= Glenn Laffel =

Glenn Laffel (born February 19, 1954) is a physician and health IT entrepreneur. He formerly served as the senior vice president of clinical affairs for Practice Fusion, a San Francisco-based company that offers a Web-based Electronic Health Record (EHR) for free to physicians.

Laffel had previously served as an attending physician in the cardiac transplantation program at Brigham and Women’s Hospital, as a founding editor of the peer-reviewed journal, Quality Management in Health Care, a consultant to healthcare provider organizations and president of Clinical Solutions.

== Career ==
From 1987 to 1992, Laffel was an attending physician in the heart transplantation program at Brigham and Women’s Hospital, a teaching affiliate of Harvard Medical School . The program was the first of its kind in New England. He was part of a team that first reported a link between Cyclosporine A, prednisone and osteoporosis in heart transplant recipients, and published an article on the relationship between experience and outcomes in heart transplantation.

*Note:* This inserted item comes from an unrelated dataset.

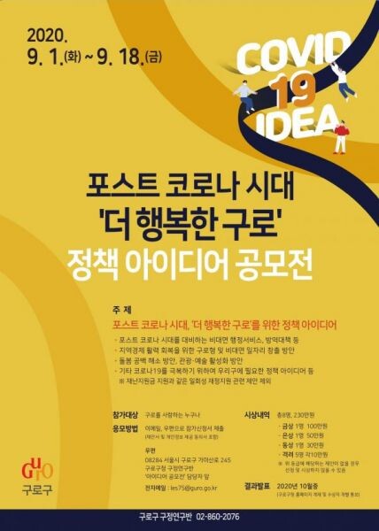 공모 주제는 ‘포스트 코로나 시대, 더 행복한 구로’를 위한 정책이다.
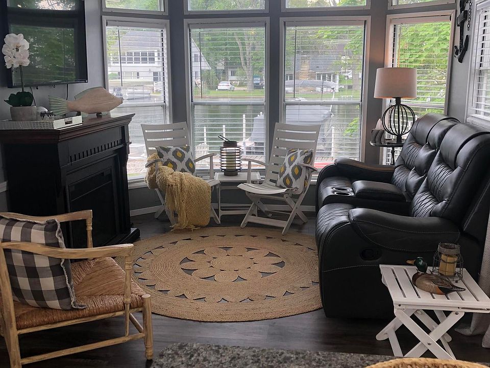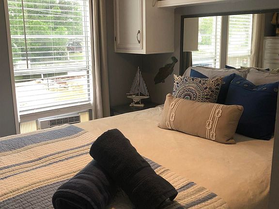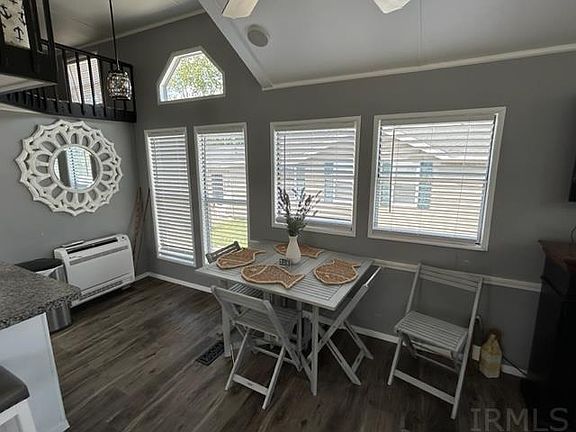 This Park Model offers turnkey spacious living and is the MOST affordable property to Lake Wawasee. Use for your family or makes an excellent vacation rental. Master bedroom on lower unit with a divided loft that offers a full bed and a twin bed. Plenty of parking, covered concrete patio, New split unit AC/Heat, Up to 6 boat slips with 45' of frontage.

Laffel also served as the director of quality management at Brigham and Women’s Hospital. He helped establish an early total quality management program in health care and, along with David Blumenthal, the current National Coordinator for Health Information Technology inside HHS, published one of the first articles to appear in a peer-reviewed journal on the health care applications of TQM. He has coauthored papers with Eugene Braunwald, the chairman of the Department of Medicine at Harvard Medical School, Harvey Fineberg, the dean of the Harvard School of Public Health (and current president of the Institute of Medicine), and Donald Berwick, the president of the Institute for Healthcare Improvement (and currently President Obama’s nominee to serve as administrator for the Centers for Medicare and Medicaid Services).

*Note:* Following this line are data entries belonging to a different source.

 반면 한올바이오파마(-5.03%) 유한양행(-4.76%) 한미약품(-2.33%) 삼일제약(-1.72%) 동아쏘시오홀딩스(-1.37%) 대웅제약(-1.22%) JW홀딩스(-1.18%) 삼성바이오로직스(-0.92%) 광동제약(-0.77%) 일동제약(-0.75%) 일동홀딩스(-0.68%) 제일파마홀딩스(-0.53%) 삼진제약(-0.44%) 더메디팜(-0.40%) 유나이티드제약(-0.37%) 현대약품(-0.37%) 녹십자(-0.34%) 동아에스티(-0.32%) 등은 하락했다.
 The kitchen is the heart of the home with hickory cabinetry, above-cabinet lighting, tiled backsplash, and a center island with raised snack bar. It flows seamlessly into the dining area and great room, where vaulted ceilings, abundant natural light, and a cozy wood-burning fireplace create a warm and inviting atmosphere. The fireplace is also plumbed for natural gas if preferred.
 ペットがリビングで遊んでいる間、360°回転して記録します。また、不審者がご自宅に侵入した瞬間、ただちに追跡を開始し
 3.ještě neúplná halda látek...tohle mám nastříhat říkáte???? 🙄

Starting in March 1988, Laffel co-developed and taught the course, Improving Health Care Quality for the Institute for Healthcare Improvement. The team of developers included Donald Berwick, Paul Plsek and David Gustafson. Laffel founded the peer-reviewed journal, Quality Management in Health Care during this time.

In 1997, Laffel and two partners, Harry Harrington and Dennis McShane, MD, founded Clinical Solutions, a Menlo Park-based company for which Laffel served as president. Clinical Solutions created and licensed algorithmic content for use in nurse triage call centers.

By 2003, Clinical Solutions' triage algorithms had become widely used around the world and provided advice to more than 40 million callers. Deployments of Clinical Solutions' content included NHS Direct, a toll-free national service provided to British citizens by the British National Health Service, Queensland Health (Australia), and the New South Wales Ambulance Service (Australia).

In conjunction with Priority Dispatch Corporation, Clinical Solutions also created a fully integrated 911-nurse triage product. The integrated product is being used by ambulance dispatch organizations in several countries.

Clinical Solutions was acquired by its primary licensor, CAS Services (UK) in 2006.

Laffel joined Practice Fusion in December 2008 as the senior vice president for clinical affairs. Practice Fusion offers a Web-based Electronic Health Record (EHR) for free to providers. Laffel oversaw business development and regulatory affairs for the San Francisco-based company.

== Education ==
PhD in health policy and management from MIT and the MIT Sloan School of Management, 1991. The subject of his dissertation was the relationship between experience and outcome in heart transplantation. A condensed version of his dissertation was published in The New England Journal of Medicine.

The University of Miami Leonard M. Miller School of Medicine, 1976 - 1980.

Tufts University, 1972 - 1976. Undergraduate degree in Biology and Psychology.

== Training ==
Laffel completed a three-year medical residency in Internal Medicine and a three-year fellowship in Cardiovascular Disease at Brigham and Women’s Hospital, an academic medical center and a major teaching affiliate of Harvard Medical School.